My best friend, with whom I’ve been friends for 40 years, since we were 15, was recently in an accident. She was hit by a truck while cycling in the country. It was a hit-and-run and we’re only lucky that someone else drove by shortly after and saw her lying on the road. But during the time she lay there, she lacked oxygen to her brain and now has both physical and mental deficiencies.
She knows who I am, who her children are, and her husband. But she doesn’t remember many other people. She can no longer work, and she was a high-powered film executive. Her physical disabilities don’t hinder her basic daily movements, but she tires easily, so she can’t do much activity, and she was an avid cyclist.
I’m trying to spend as much time with her as possible, but it’s difficult with my busy work schedule and my own active family. I’m worried about her and don’t know how to help. Her husband keeps saying they’re fine, but…… I know they were having serious marital issues prior to the accident.
What can I do?
Worried Friend
You say you’re friend knows who you are. Talk to her. Take her for a walk, away from her husband, and ask her directly what she needs and wants. Tell her to be brutally honest with you. Perhaps she needs a caregiver, to remove the burden from her husband. Perhaps she needs a therapist to talk to about how her life has changed so dramatically. Maybe she needs a driver to help with her children or getting her to appointments, so she doesn’t feel she needs to ask her husband or spend more time with him than she’d like.

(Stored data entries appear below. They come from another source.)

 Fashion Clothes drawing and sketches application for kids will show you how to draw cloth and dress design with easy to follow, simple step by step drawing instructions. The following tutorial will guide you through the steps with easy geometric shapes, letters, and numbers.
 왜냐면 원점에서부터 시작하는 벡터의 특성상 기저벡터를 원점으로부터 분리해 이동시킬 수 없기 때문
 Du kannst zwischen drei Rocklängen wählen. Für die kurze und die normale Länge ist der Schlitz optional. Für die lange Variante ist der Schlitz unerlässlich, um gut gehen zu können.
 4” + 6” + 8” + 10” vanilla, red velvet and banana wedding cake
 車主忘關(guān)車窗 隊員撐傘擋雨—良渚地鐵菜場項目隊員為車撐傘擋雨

Doing the legwork to get her the help she needs is a HUGE weight off her shoulders. That can be harder than anything. As well, though you also lead a busy life, carve out a little extra time for your friend. She needs you.
I work in a large organization with many branches. Many of my coworkers have "ethnic" names, always mispronounced by others in the organization.

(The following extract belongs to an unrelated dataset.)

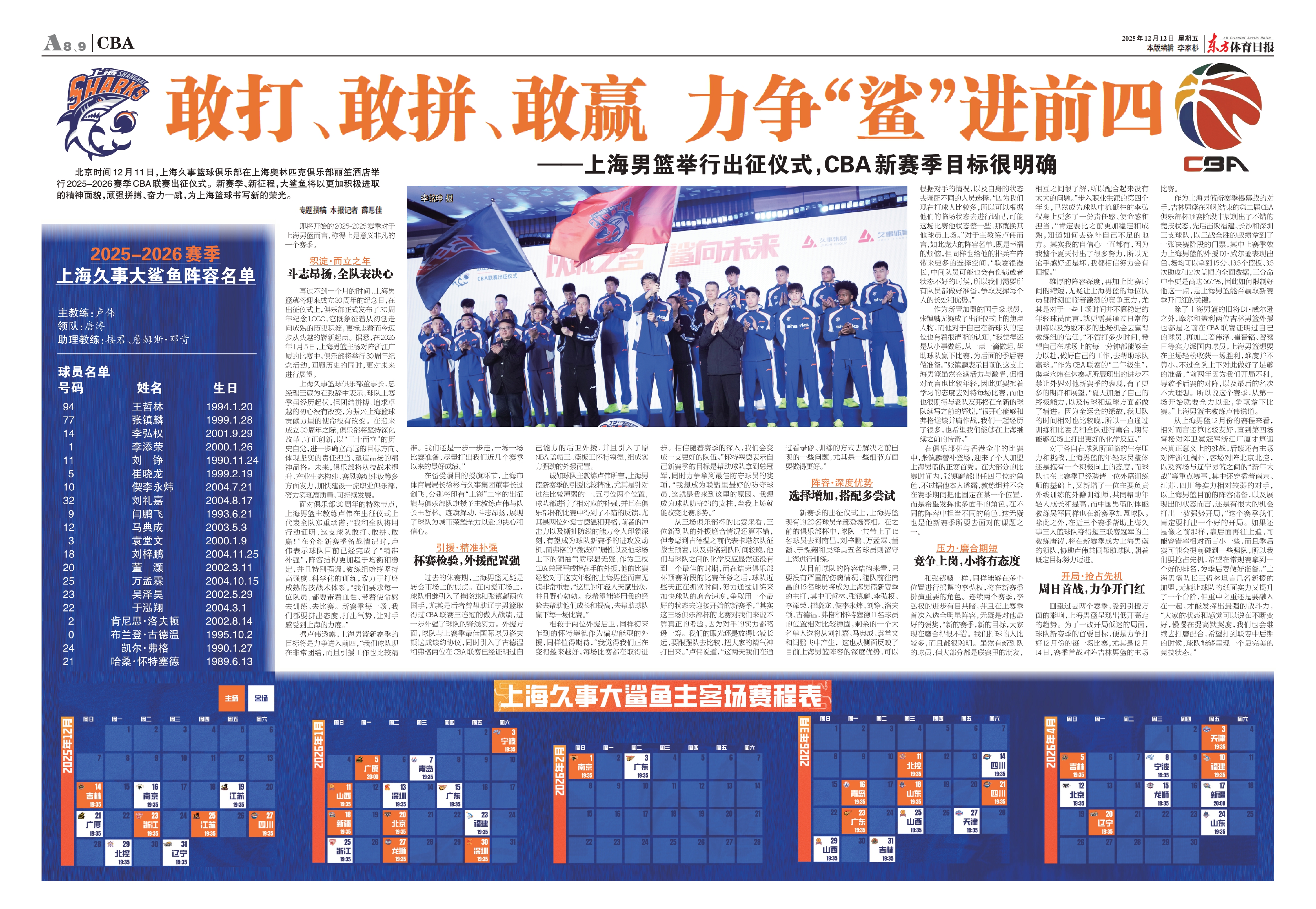 北京时间12月11日,上海久事篮球俱乐部在上海奥林匹克俱乐部丽笙酒店举行2025-2026赛季CBA联赛出征仪式。新赛季、新征程,大鲨鱼将以更加积极进取的精神面貌,顽强拼搏、奋力一跳,为上海篮球书写新的荣光。

I know because I have a similar ethnicity and because these coworkers have shared that they just gave up on having people pronounce their names correctly. I continue to pronounce these names correctly, which is appreciated by the owner of the name.
However, I run into issues with those who continue to mispronounce these ethnic names and insist they are correct and scold ME for mispronouncing.

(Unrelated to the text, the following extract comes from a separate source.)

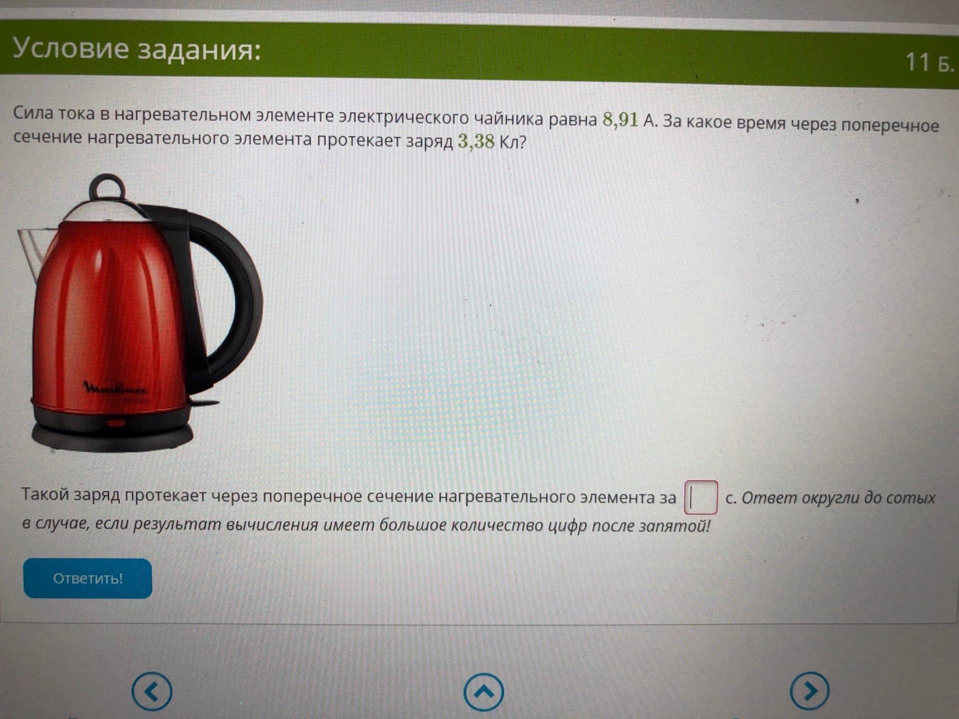 8,91 кулон за 1 сек., 3,38 кулон за Х сек. Х=3,38/8,91=0,379 сек.
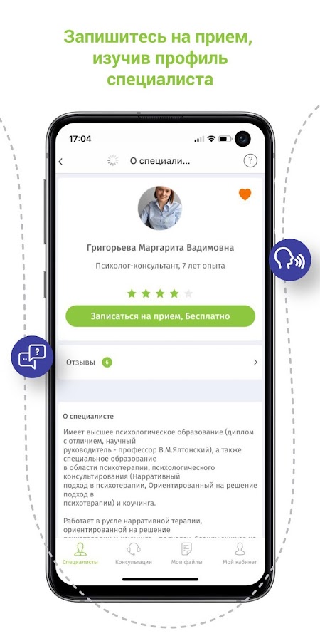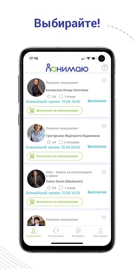 Бесплатное мобильное приложение для тех, кто ищет конфиденциальную поддержку от проверенных специалистов.

How should I respond in the future? This happens even after I share the preferences of the name's owner.
Miss Pronounced
I also have a name that people often mispronounce. It can be infuriating, especially after several attempts at correcting them. As a result, I often ask people how to properly pronounce their name. It’s a sensitivity for me, and sounds like for you as well.
Perhaps, in the new year, you might want to suggest to those with names that get mispronounced, that at the beginning of a meeting, they introduce themselves with a light comment how they know their name is hard to pronounce but they’d love it if everyone could try.
I would also suggest that they write the pronunciation in the sign-off of their email. People can then practice on their own, if they care to do so.
Just know that there will always be people who do not care and would mispronounce “Sam” if given the chance. Also, if someone isn’t addressing you properly, then not responding isn’t rude. Who knew they were talking to you?
FEEDBACK Regarding the flower garden kerfuffle (Oct. 7):
Reader – “The woman who reproved the mother by questioning her disregard of a neighbour’s garden was doing the scofflaw parent a favour. But throwing coffee into a person’s face - whether the coffee is hot, lukewarm or iced - is an unprovoked attack. And because the mother got away with this assault, the child isn’t going to learn respect for other people or their property. Instead, they will learn that being rude and taking whatever you want is OK.”
Stickler for civility
Reader #2 – “Throwing iced tea at someone is assault. This is violence. Yes, the woman overstepped her bounds, but the escalation was disproportionate.
“In a perfect world, the mother would say, ‘You have a point. Thank you for your input’ and move on.
“On the other hand, perhaps you came across unintentionally as heavy-handed. Which still doesn't excuse having a beverage hurled in your direction.”